Dataset content.
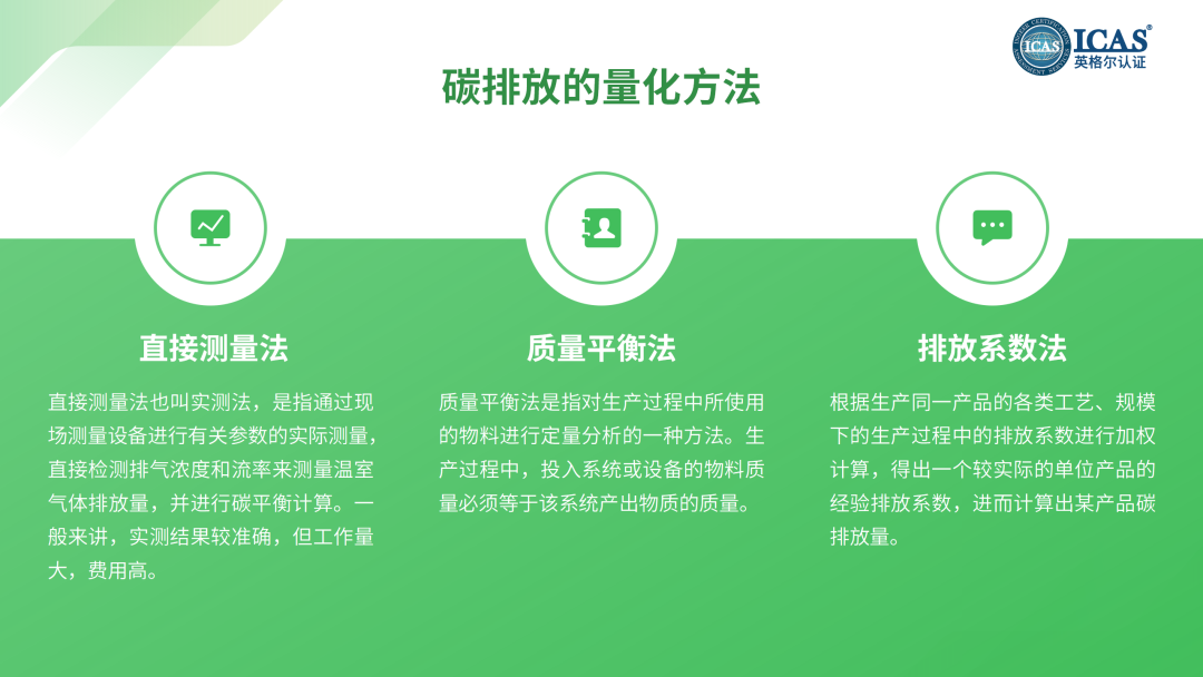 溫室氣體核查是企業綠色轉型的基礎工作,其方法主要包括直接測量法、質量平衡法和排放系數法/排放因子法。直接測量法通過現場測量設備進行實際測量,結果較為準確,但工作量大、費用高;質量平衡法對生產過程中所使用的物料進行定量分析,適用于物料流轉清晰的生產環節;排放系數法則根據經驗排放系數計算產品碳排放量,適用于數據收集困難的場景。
...
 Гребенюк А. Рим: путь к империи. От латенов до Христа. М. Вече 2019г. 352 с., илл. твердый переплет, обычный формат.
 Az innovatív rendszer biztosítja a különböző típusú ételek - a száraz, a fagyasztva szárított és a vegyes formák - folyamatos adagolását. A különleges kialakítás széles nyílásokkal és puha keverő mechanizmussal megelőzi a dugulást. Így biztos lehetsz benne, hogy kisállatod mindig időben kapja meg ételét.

What is required. Out of the listing above, reproduce exactly the lines from the one with "Гребенюк А. Рим: путь" up to and including the one with "Az innovatív rendszer".

Task answer.
 Гребенюк А. Рим: путь к империи. От латенов до Христа. М. Вече 2019г. 352 с., илл. твердый переплет, обычный формат.
 Az innovatív rendszer biztosítja a különböző típusú ételek - a száraz, a fagyasztva szárított és a vegyes formák - folyamatos adagolását. A különleges kialakítás széles nyílásokkal és puha keverő mechanizmussal megelőzi a dugulást. Így biztos lehetsz benne, hogy kisállatod mindig időben kapja meg ételét.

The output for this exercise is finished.